Meet Binary Stochastic Neuron

Binary Stochastic Neuron is a neuron that takes a vector of binary values and outputs 0 or 1 with probability defined by the logistic function

Stochastic Neuron

where s_v is the output of neuron v, b_v is the bias of neuron v, s_u is the output of neuron u and w_uv is the weight of the connection from neuron u to neuron v

or, in Python:

class StochasticNeuron():
    def __init__(self, input_weights = np.array([]), bias = 0):
        self.input_weights = np.array(input_weights)
        self.bias = bias
        
    def activation_probability(self, inputs):
        inputs = np.array(inputs)
        return 1 / (1 + np.exp(- self.bias - np.sum(self.input_weights * inputs)))
    
    def activation_function(self, inputs):
        return np.random.binomial(1, self.activation_probability(inputs))
    
    def __call__(self, inputs):
        return self.activation_function(inputs)

For example,

n = StochasticNeuron([0, -0.5, 1], 0)

n.activation_probability([False, True, False])

0.3775406687981454

n([False, True, False])

n.activation_probability([False, True, True])

0.6224593312018546

n([False, True, True])

And we can see that the neuron is stochastic by calculating it’s output several times in a row

[n([False, True, False]) for i in range(15)]

[1, 0, 1, 1, 0, 0, 0, 0, 1, 0, 1, 0, 1, 0, 1]

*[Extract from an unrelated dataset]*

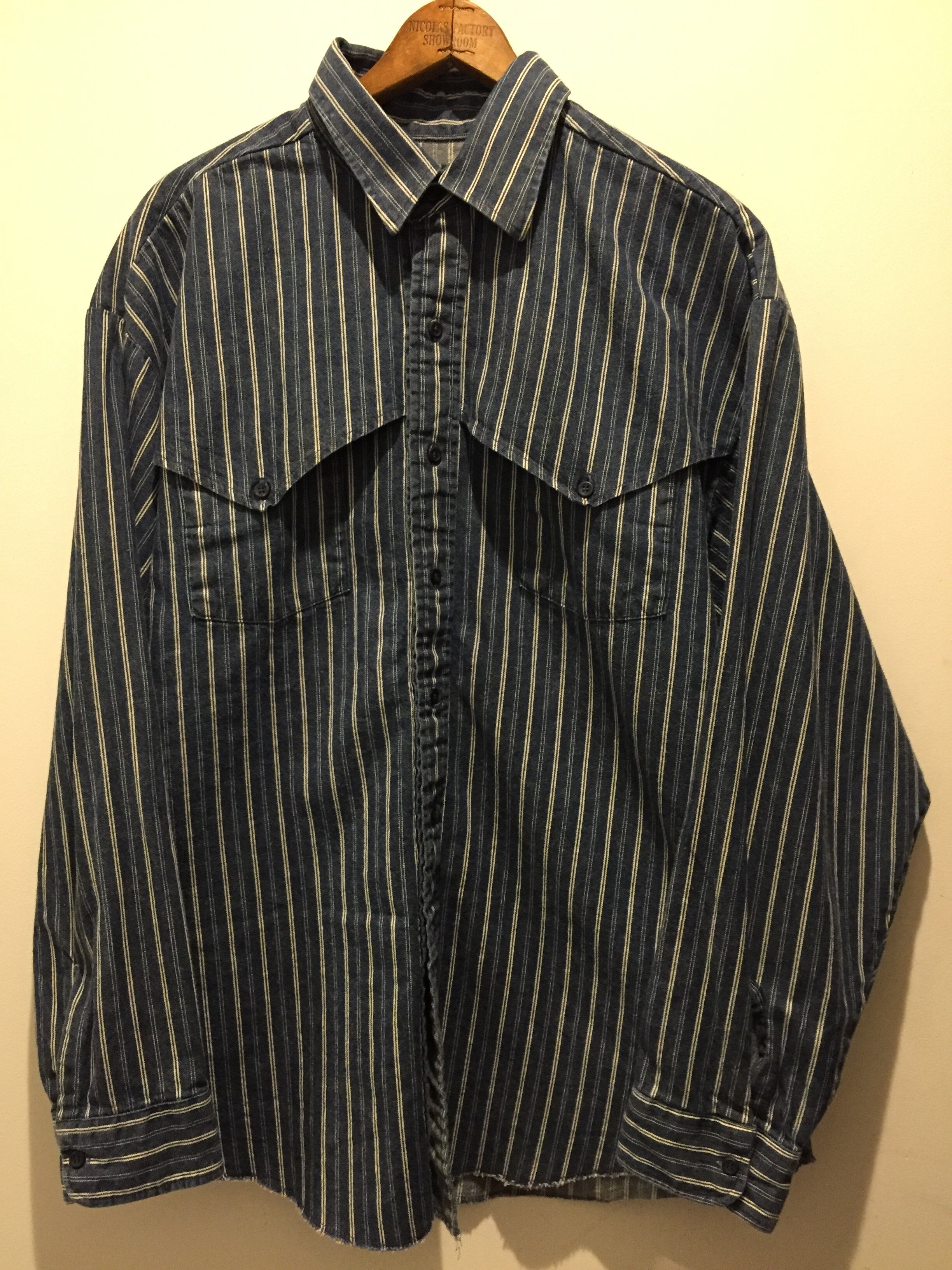 一見普通のデニムシャツですがフロント、バッグの上部が2枚仕立てになっていてお洒落+手間がかかっている1着です。ハイブランドなども真似しそうなデザインです。身幅が広めで丈が長すぎないのも着用した時にかっこいいです。アメリカ製というのも嬉しいポイントですね。

Stochastic neural networks

A layer of a neural network is just a tuple of neurons

# Unbiased, unadjusted layer
def create_layer(input_size, size):
    return [StochasticNeuron(np.array([1.0 for i in range(input_size)]), 0) for i in range(size)]

layer = create_layer(3, 10)
inp = [1, 2, -4]
[neuron(inp) for neuron in layer]

[1, 1, 0, 0, 0, 0, 0, 0, 0, 0]

Once again, let’s infer the ouput of the layer several times and note the stochasticity

# Once again, it is stochastic
[[neuron(inp) for neuron in layer] for i in range(5)]

[[0, 0, 1, 0, 0, 0, 0, 0, 0, 0],
 [0, 0, 0, 0, 0, 1, 0, 0, 0, 0],
 [0, 0, 0, 0, 0, 1, 1, 0, 0, 0],
 [0, 0, 0, 0, 1, 1, 0, 0, 0, 0],
 [0, 1, 0, 1, 0, 0, 0, 0, 0, 0]]

A multi-layer neural network is built by stacking several layers together with outputs of layer n as inputs of layer n+1

def create_network(layer_sizes):
    return [create_layer(prev_size, size) for prev_size, size in window(layer_sizes, 2)]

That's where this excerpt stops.